There seems to be two kinds of "Friends" that exists now. Friends that would define what me and Addie were at one point in time. And this new (or not so new, but I was oblivious to it's existence) type of friend seems to be like some sort of "pre-girlfriend" relationship. When Nina and I were talking about whether or not we were single, she also added that if I had any "friends" referring to female friends. Naturally I said no, because me and Addie are no longer friends. But I really don't think that is what she meant now that I think about it.
When I think about it hard enough, I realize that even though I have learned a great deal about relationships, I still know next to nothing about it.

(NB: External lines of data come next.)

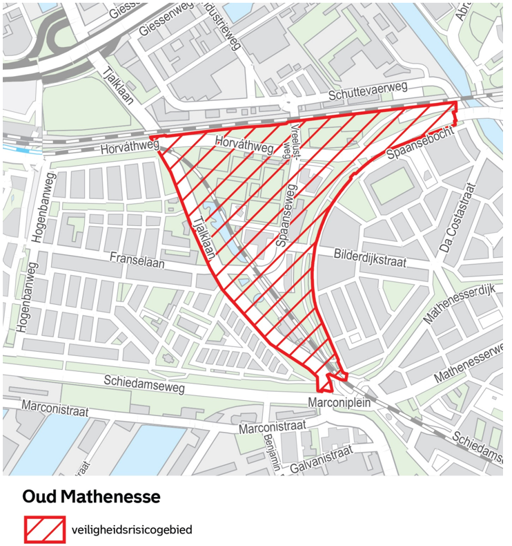 Kaart 2.1: detailkaart CBS-buurt Oud-Mathenesse behorende bij de overzichtskaart van het veiligheidsrisicogebied Delfshaven
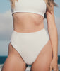 The High Waist Cheeky Bikini Bottom - Ribbed - White
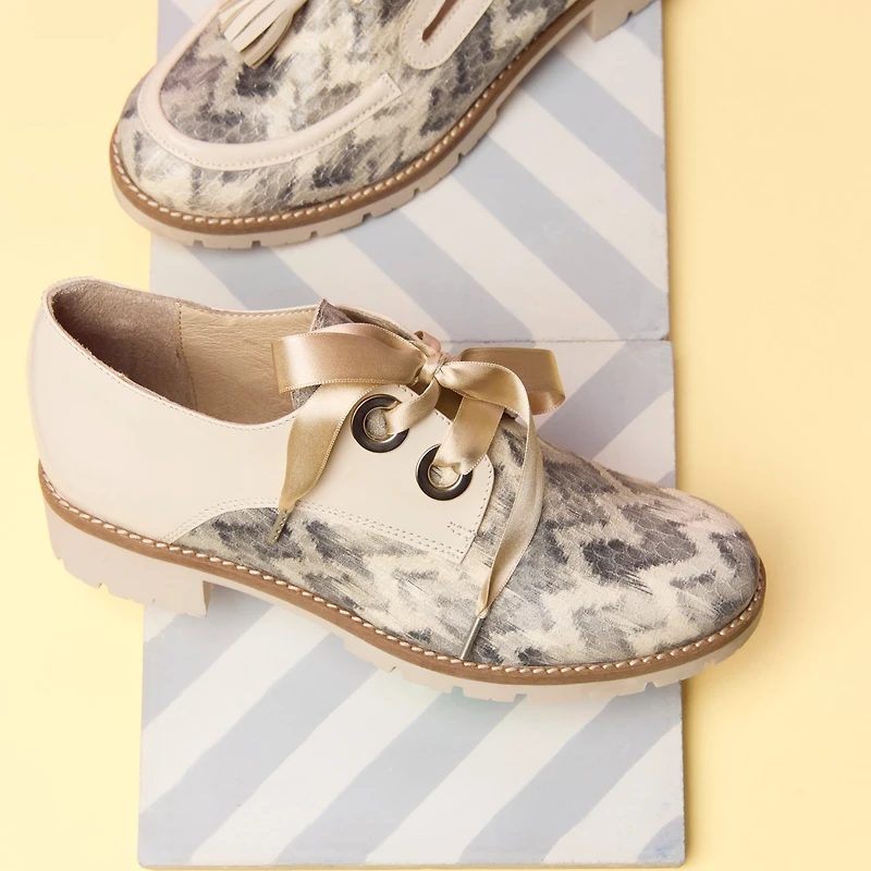 Le modèle BRAD est l'incarnation même de l'élégance féminine mariée au caractère du style Oxford. Ce soulier se distingue par son mélange de textures raffiné : un cuir lisse crème impeccable à l'arrière, contrastant avec un motif jacquard texturé aux nuances grisées et argentées à l'avant.
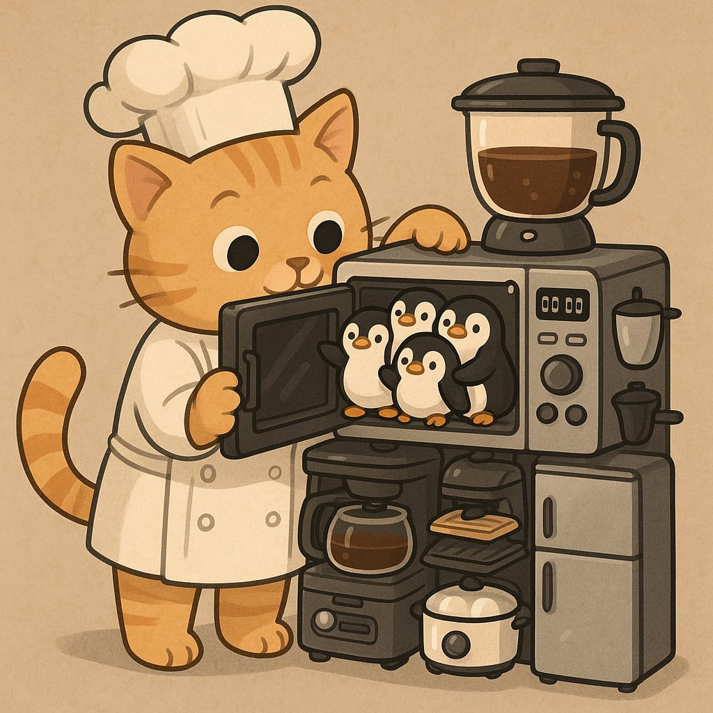 /showme a cat chef putting multiple penguins into a compact one-unit combination microwave, toaster oven, air fryer, slow cooker, coffee maker, blender, stand mixer, griddle, sandwich press, waffle maker, egg cooker, rice cooker, ice maker, and refrigerator.
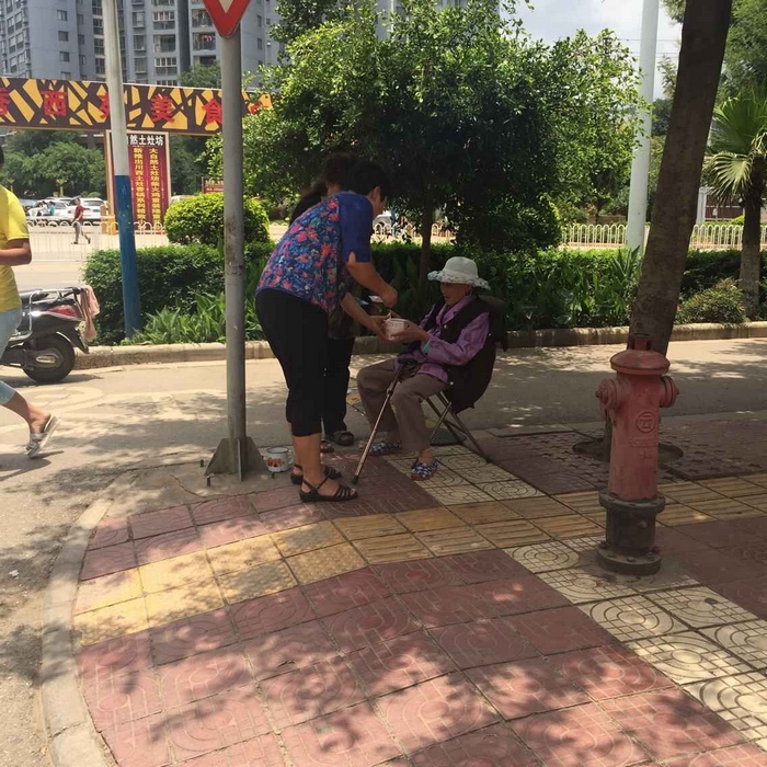 王師安撫老人說道:“你放心,我們一定會幫你的,你等等,我先給你打點飯吃?!痹诠鹃T衛(wèi)室拿了個凳子給老人坐下后,王師又急急忙忙跑回食堂,還好食堂員工們還在吃飯,王師打了一盒飯菜趕緊送到老人手中。
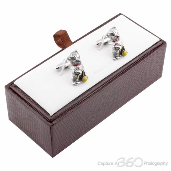 These Hand Painted Antique Cat Cufflinks come straight to you from the renowned Baade design team. Hand crafted from rhodium plated metal to inhibit tarnishing, these cufflinks are perfectly antiqued to create an elegant finish and feature hand painted accents of red to add that perfect dash of color to your french cuffed shirts.
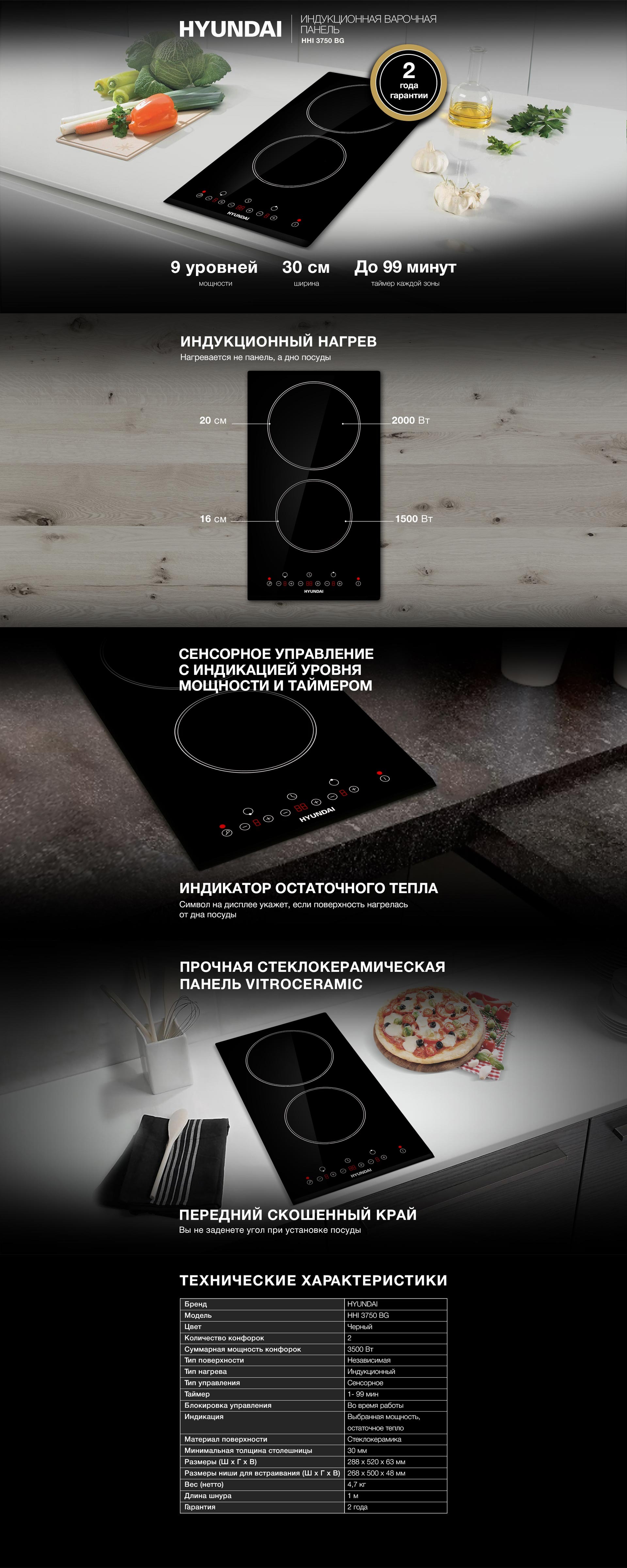 Варочная поверхность индукционная Hyundai HHI 3750 BG черный
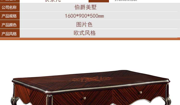 伯爵美墅 客厅茶几实木长茶几欧式长几简约茶几 S16-K206长茶几黑檀
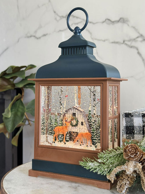 Introducing our exclusive Christmas Deer Scene Water Lantern. The perfect addition to your holiday decor, this two tone lantern features a serene scene of two deer in front of a barn in the woods. With a 6 hour timer and included USB cord, enjoy the swirling glitter and warm light all season long.
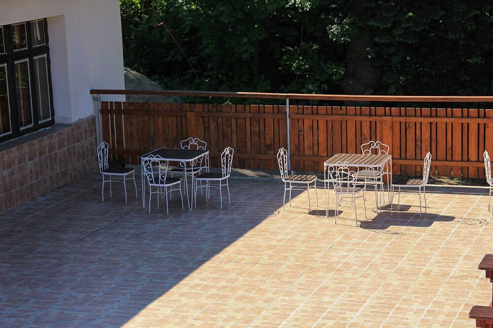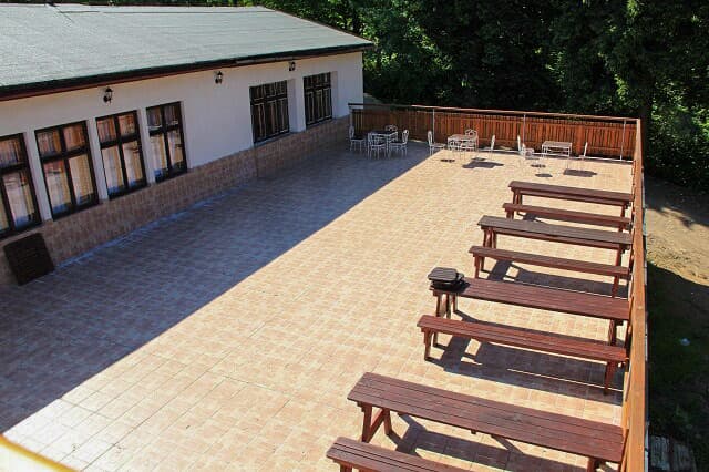 Exteriér chaty nabízí velkorysou terasu o rozloze 200 m² a přilehlou louku o velikosti jednoho hektaru, která je perfektní pro venkovní obřady, sportovní aktivity i relaxaci na čerstvém vzduchu. Samozřejmostí je bezplatné WiFi připojení v celém objektu, možnost parkování přímo u chaty a úschovna kol či lyží. Potěší i možnost ubytování s domácími mazlíčky bez poplatku.
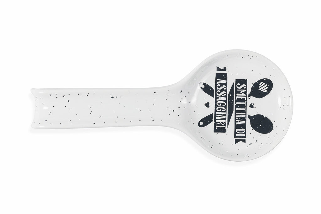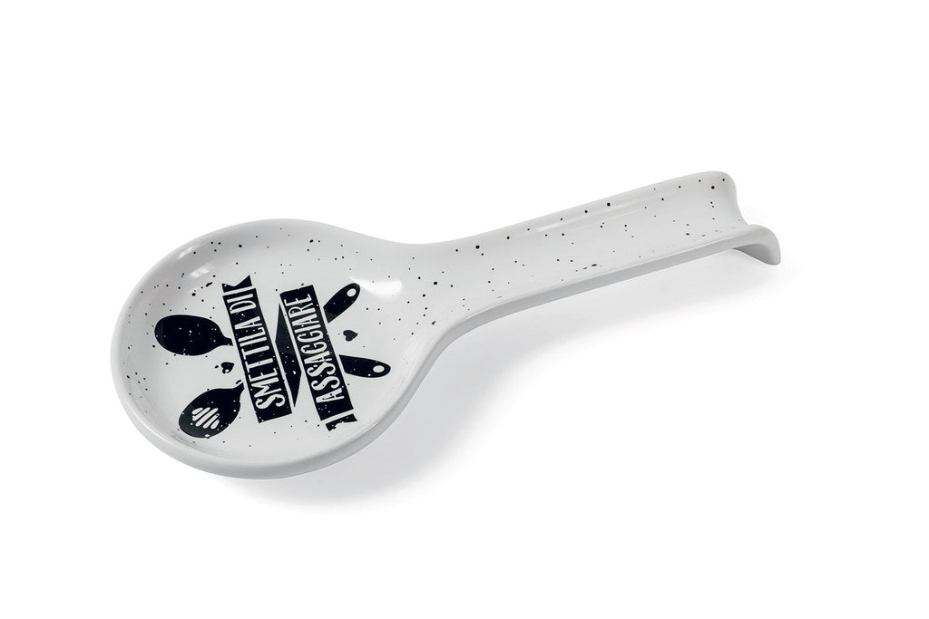 Amusant, le repose-cuillère qui vous convient. Une ligne capable d'apporter sympathie et praticité à vos cuisines : accompagnés d'écritures pleines d'esprit et de jolies décorations, les repose-cuillères ont des lignes modernes et essentielles et sont parfaits pour n'importe quel décor. À chaque utilisation, ils vous feront sourire et contribueront à faire de la cuisine un environnement fonctionnel et amusant.
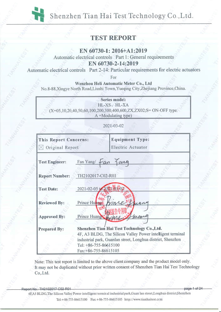 HL系列LVD測(cè)試報(bào)告60730
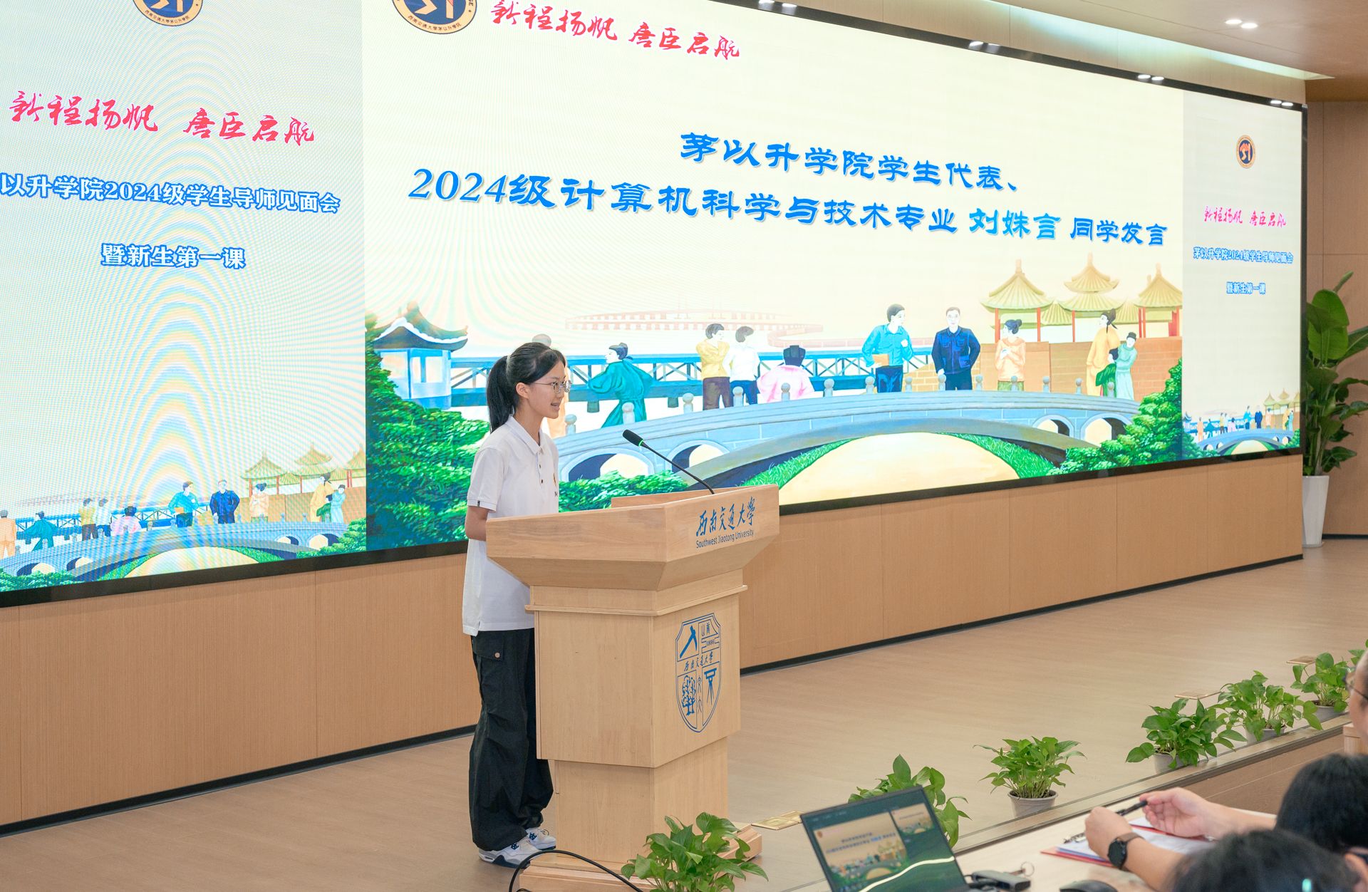 2024级计算机科学与技术专业茅班刘姝言同学作为学生代表发言。她号召全体同学以茅以升先生为榜样,以发展科学为目标,躬行实践,探索真理,努力成长为有能力、有担当的时代新人。

Relationships has evolved to have an extra step that determines if you and someone will be together. There is this "friendship" stage that has dating and sex involved. Actual dating in a girlfriend level seems to have evolved to a "marriage" level where you live together and have kids. Whatever is above that is now mysterious territory.
And as I think about it now, I think that may be what made me and Natasha go our separate ways. I was living under a rock practically my whole life, and now I am coming out to a world that has changed and evolved. I am now the black sheep in a white flock. Me and Natasha could not understand one another, and we just had this odd broken relationship that we didn't know what to do with.
The current problem now is that I don't know who to talk to about this issue. Everyone I know still lives in the age my brain is stuck in, and I can't talk about this with Nina because she might think I am weird. But then again, I may not have a choice. If this issue is not corrected, I may lose her interest anyway.